The system is thought out as a place where you submit jobs/tasks. It is discouraged to use the submission node to do anything else but submitting a job to the cluster. For instance gzip will be terminated after 1 min and you'll receive a mail about starting an interactive session. Indeed for any day to day tasks, you can start an interactive session which will be a job submitted to the cluster.
They can be launched by just typing interactive
You can use -h for all option, but mostly you can ask for cpu with -c
and memory with --mem
They are one-off, one you exit disconnect you can't rejoin.

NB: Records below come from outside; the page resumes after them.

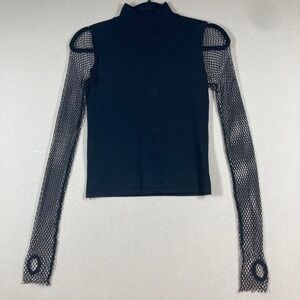 Zara Knit Top Small Black Cropped Mock Neck Sheer Fishnet Sleeve Edgy Punk Goth
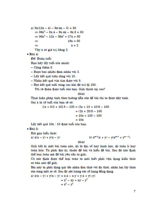 - Đại số lớp 7 - Hình học lớp 7
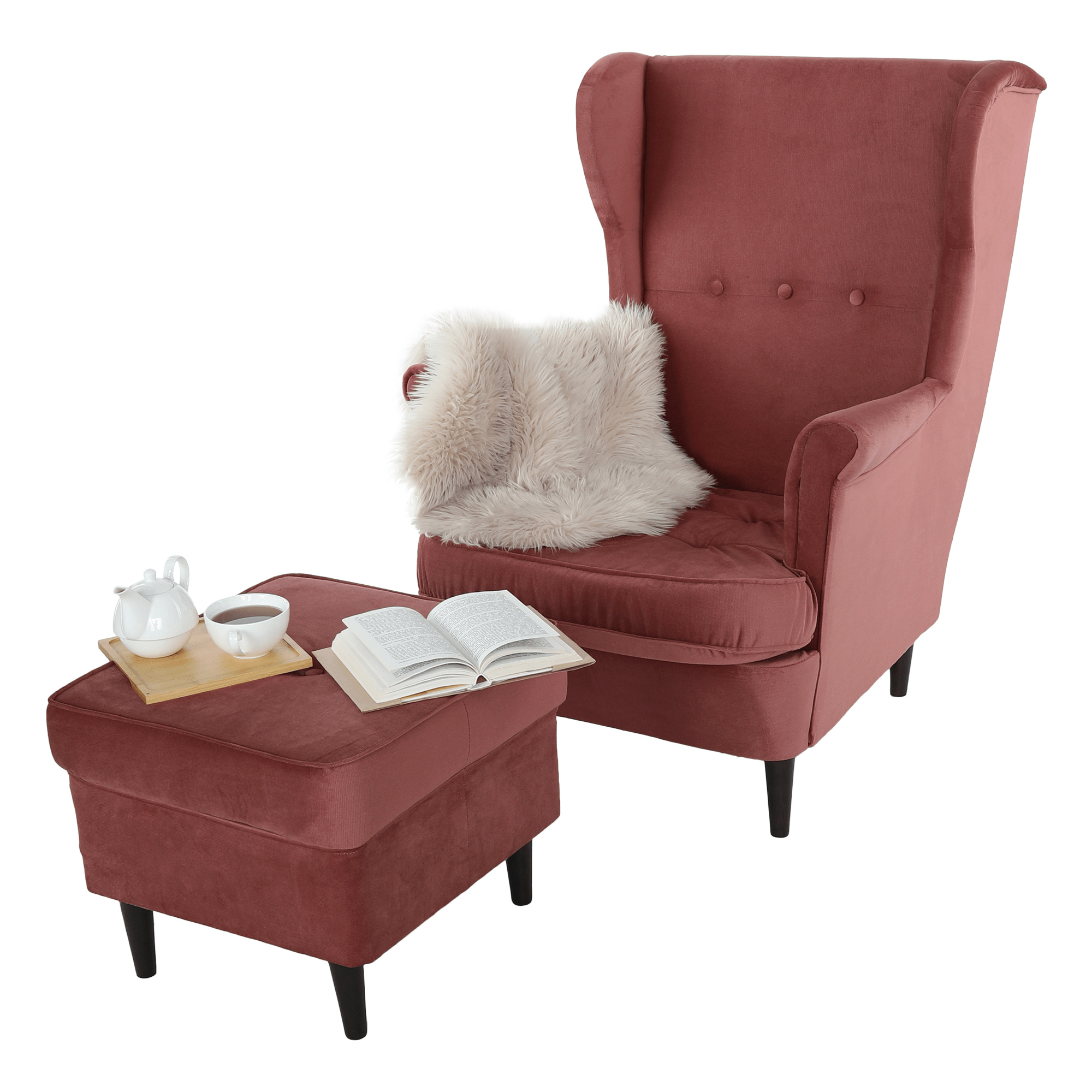 Moderní taburet, starorůžová/ořech, RUFINO 3 NEW

Hpc is mostly isolated from internet. By default you can't download database/software or access the internet. As this is not a viable setup there is a node you can connect to do so. That is the software node. To access is just type software
Some databases are stored in a common folder /ei/public/databases. Adding, updating these needs a ticket.
- scratch/vs backed
- project structuration
- group project folder
- check for available space
- (command line) aspera: https://ascptrans.cis.nbi.ac.uk
- (browser/laptop) open on demand: https://ood.hpc.nbi.ac.uk/pun/sys/dashboard/
- (cheating) use the Qib-vm mounted fs, whith access to all Projects. This can be accessed through ssh but using a vpn. Typical scp/rsync are able to work.
- transfert your .bashrc to get you aliases/PS1 ....
- nothing is installed, you have to do local install for everything you want to use outside of singularity, either build from source locally or only use singularity
- List of things missing:
- git
- byobu (better than screen, or tmux)
- ....
- singularity generate containers: multi os/platform compatible immutable images
- you can also build and work with modifiable containers called "sandbox". It looks like a folder and can be modified to install any software/dependencies.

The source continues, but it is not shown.